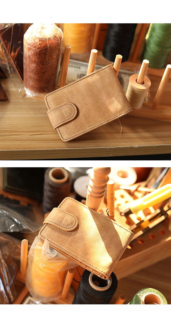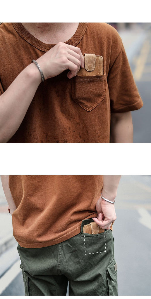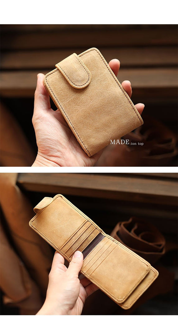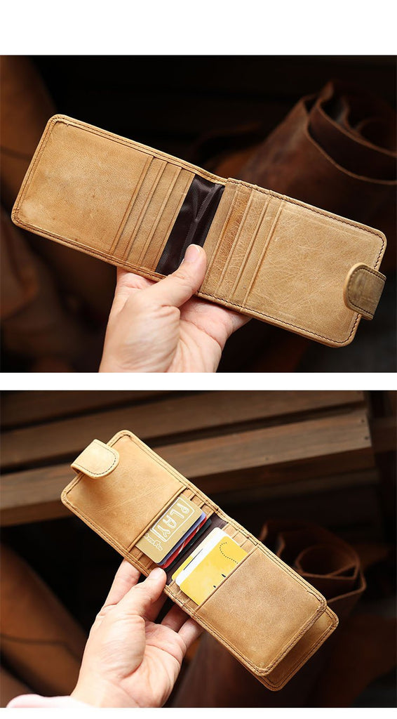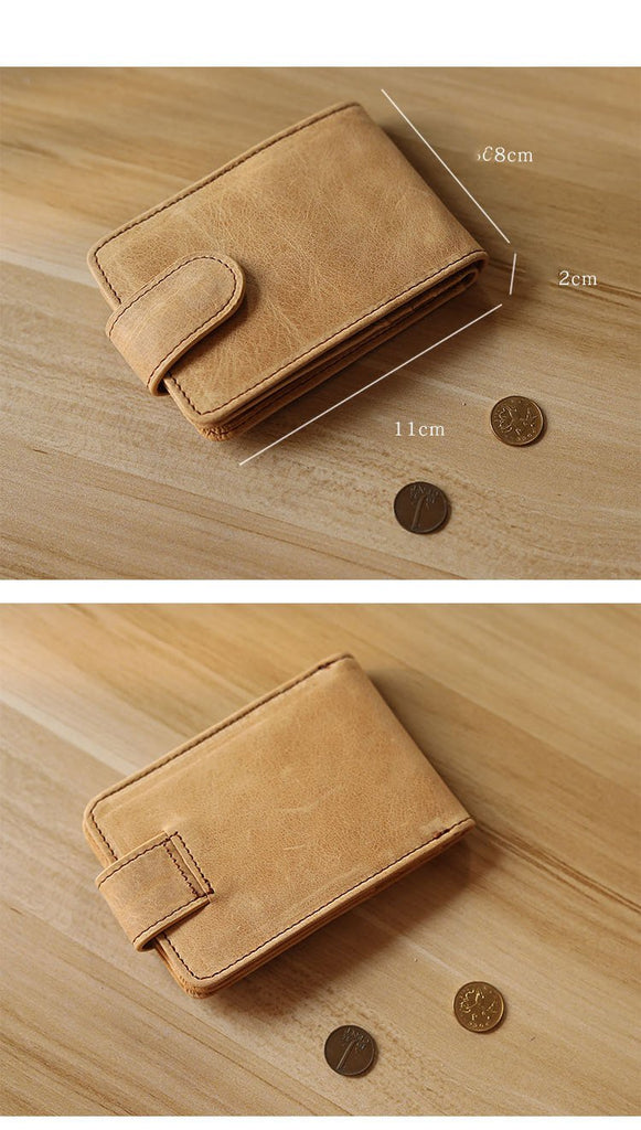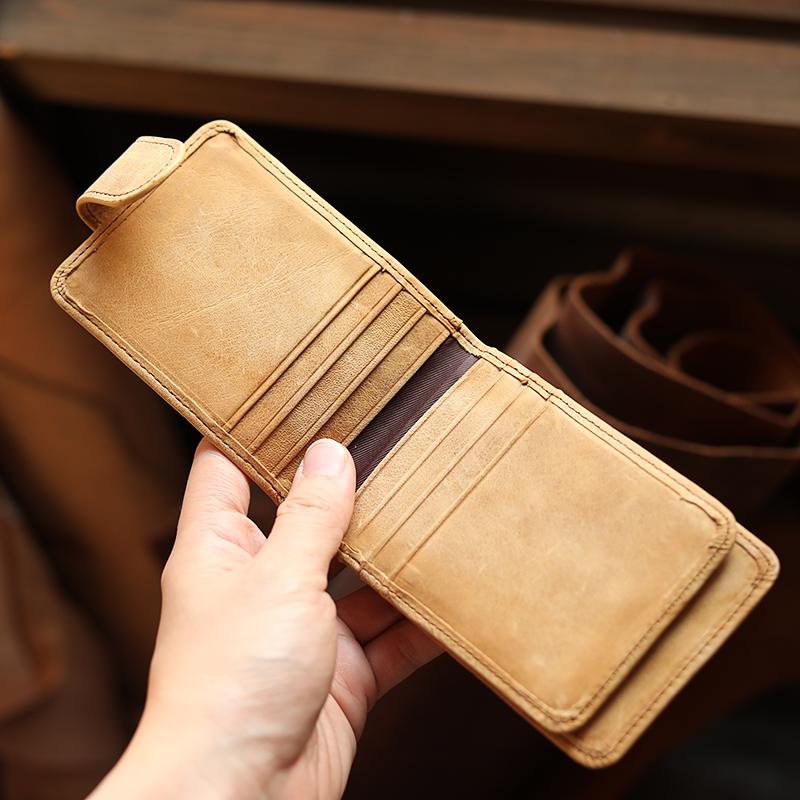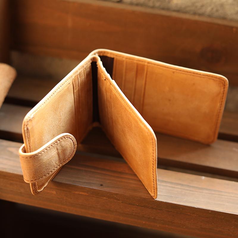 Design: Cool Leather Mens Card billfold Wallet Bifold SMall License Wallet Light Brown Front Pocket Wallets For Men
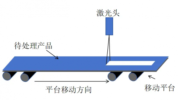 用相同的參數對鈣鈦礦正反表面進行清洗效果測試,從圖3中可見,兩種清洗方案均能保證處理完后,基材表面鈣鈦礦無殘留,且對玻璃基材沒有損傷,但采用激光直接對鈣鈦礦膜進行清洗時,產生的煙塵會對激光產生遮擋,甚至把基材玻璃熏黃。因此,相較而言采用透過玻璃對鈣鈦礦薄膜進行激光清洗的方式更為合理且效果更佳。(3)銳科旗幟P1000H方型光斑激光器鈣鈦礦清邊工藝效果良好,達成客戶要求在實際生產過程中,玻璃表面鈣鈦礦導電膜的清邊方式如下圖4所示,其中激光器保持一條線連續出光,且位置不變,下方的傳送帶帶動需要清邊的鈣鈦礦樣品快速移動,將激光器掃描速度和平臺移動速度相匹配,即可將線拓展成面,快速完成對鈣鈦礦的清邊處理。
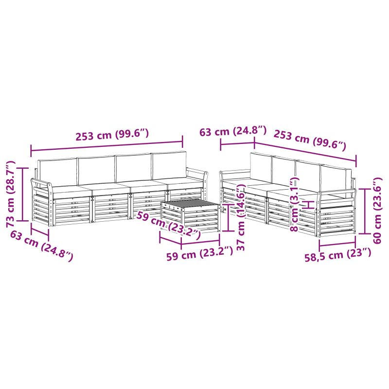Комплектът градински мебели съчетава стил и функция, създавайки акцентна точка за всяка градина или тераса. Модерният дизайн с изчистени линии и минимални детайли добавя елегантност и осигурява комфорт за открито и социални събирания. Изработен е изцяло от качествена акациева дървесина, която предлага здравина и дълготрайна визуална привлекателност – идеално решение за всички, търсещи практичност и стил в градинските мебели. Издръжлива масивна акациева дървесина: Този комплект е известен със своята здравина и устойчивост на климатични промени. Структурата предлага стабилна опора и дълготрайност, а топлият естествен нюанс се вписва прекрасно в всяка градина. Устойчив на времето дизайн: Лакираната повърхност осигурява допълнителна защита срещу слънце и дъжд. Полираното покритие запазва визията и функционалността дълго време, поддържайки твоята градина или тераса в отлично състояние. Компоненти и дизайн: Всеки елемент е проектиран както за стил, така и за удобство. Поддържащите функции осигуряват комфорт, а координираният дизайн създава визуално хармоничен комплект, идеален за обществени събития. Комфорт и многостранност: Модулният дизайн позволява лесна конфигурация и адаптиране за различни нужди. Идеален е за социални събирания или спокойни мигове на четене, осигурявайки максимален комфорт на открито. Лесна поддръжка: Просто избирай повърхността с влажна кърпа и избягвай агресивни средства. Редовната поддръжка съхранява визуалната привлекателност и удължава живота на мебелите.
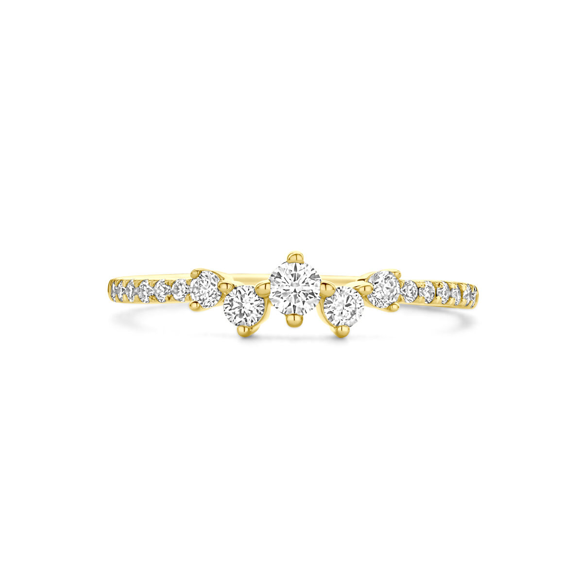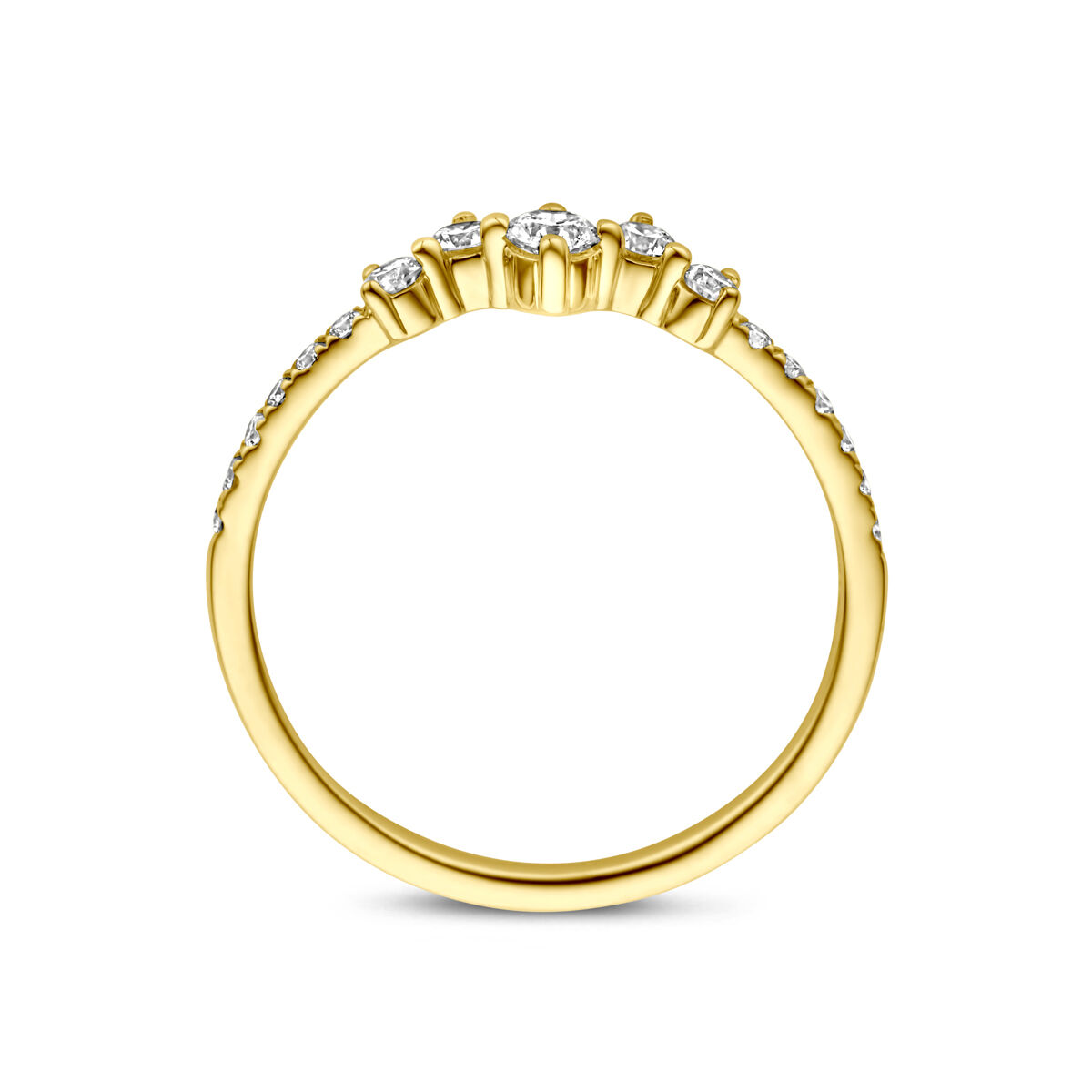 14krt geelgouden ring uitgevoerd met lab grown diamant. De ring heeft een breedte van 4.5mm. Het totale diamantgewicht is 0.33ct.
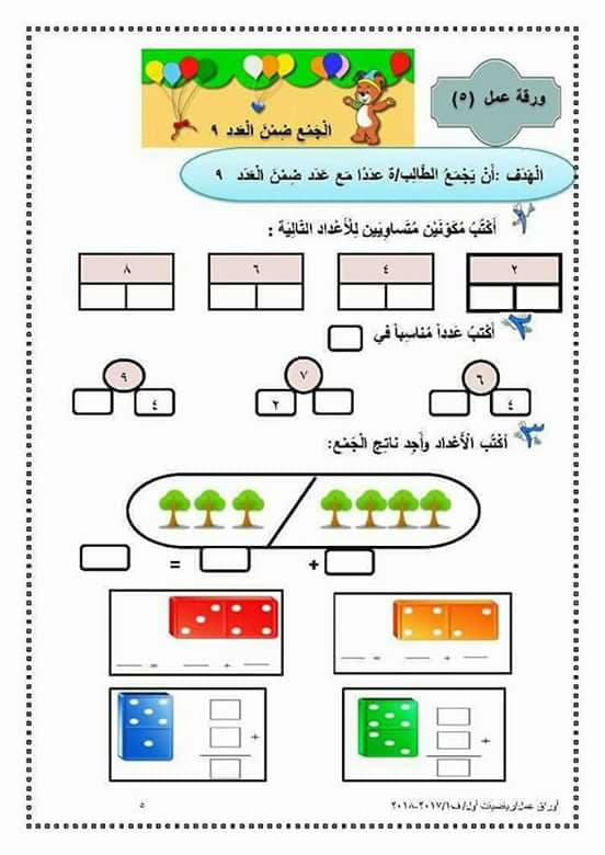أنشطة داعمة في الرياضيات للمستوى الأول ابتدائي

What you need to do:
Repeat every entry exactly. Do not include the pictures.

Task solution:
 Design: Cool Leather Mens Card billfold Wallet Bifold SMall License Wallet Light Brown Front Pocket Wallets For Men
 用相同的參數對鈣鈦礦正反表面進行清洗效果測試,從圖3中可見,兩種清洗方案均能保證處理完后,基材表面鈣鈦礦無殘留,且對玻璃基材沒有損傷,但采用激光直接對鈣鈦礦膜進行清洗時,產生的煙塵會對激光產生遮擋,甚至把基材玻璃熏黃。因此,相較而言采用透過玻璃對鈣鈦礦薄膜進行激光清洗的方式更為合理且效果更佳。(3)銳科旗幟P1000H方型光斑激光器鈣鈦礦清邊工藝效果良好,達成客戶要求在實際生產過程中,玻璃表面鈣鈦礦導電膜的清邊方式如下圖4所示,其中激光器保持一條線連續出光,且位置不變,下方的傳送帶帶動需要清邊的鈣鈦礦樣品快速移動,將激光器掃描速度和平臺移動速度相匹配,即可將線拓展成面,快速完成對鈣鈦礦的清邊處理。
Комплектът градински мебели съчетава стил и функция, създавайки акцентна точка за всяка градина или тераса. Модерният дизайн с изчистени линии и минимални детайли добавя елегантност и осигурява комфорт за открито и социални събирания. Изработен е изцяло от качествена акациева дървесина, която предлага здравина и дълготрайна визуална привлекателност – идеално решение за всички, търсещи практичност и стил в градинските мебели. Издръжлива масивна акациева дървесина: Този комплект е известен със своята здравина и устойчивост на климатични промени. Структурата предлага стабилна опора и дълготрайност, а топлият естествен нюанс се вписва прекрасно в всяка градина. Устойчив на времето дизайн: Лакираната повърхност осигурява допълнителна защита срещу слънце и дъжд. Полираното покритие запазва визията и функционалността дълго време, поддържайки твоята градина или тераса в отлично състояние. Компоненти и дизайн: Всеки елемент е проектиран както за стил, така и за удобство. Поддържащите функции осигуряват комфорт, а координираният дизайн създава визуално хармоничен комплект, идеален за обществени събития. Комфорт и многостранност: Модулният дизайн позволява лесна конфигурация и адаптиране за различни нужди. Идеален е за социални събирания или спокойни мигове на четене, осигурявайки максимален комфорт на открито. Лесна поддръжка: Просто избирай повърхността с влажна кърпа и избягвай агресивни средства. Редовната поддръжка съхранява визуалната привлекателност и удължава живота на мебелите.
 14krt geelgouden ring uitgevoerd met lab grown diamant. De ring heeft een breedte van 4.5mm. Het totale diamantgewicht is 0.33ct.
أنشطة داعمة في الرياضيات للمستوى الأول ابتدائي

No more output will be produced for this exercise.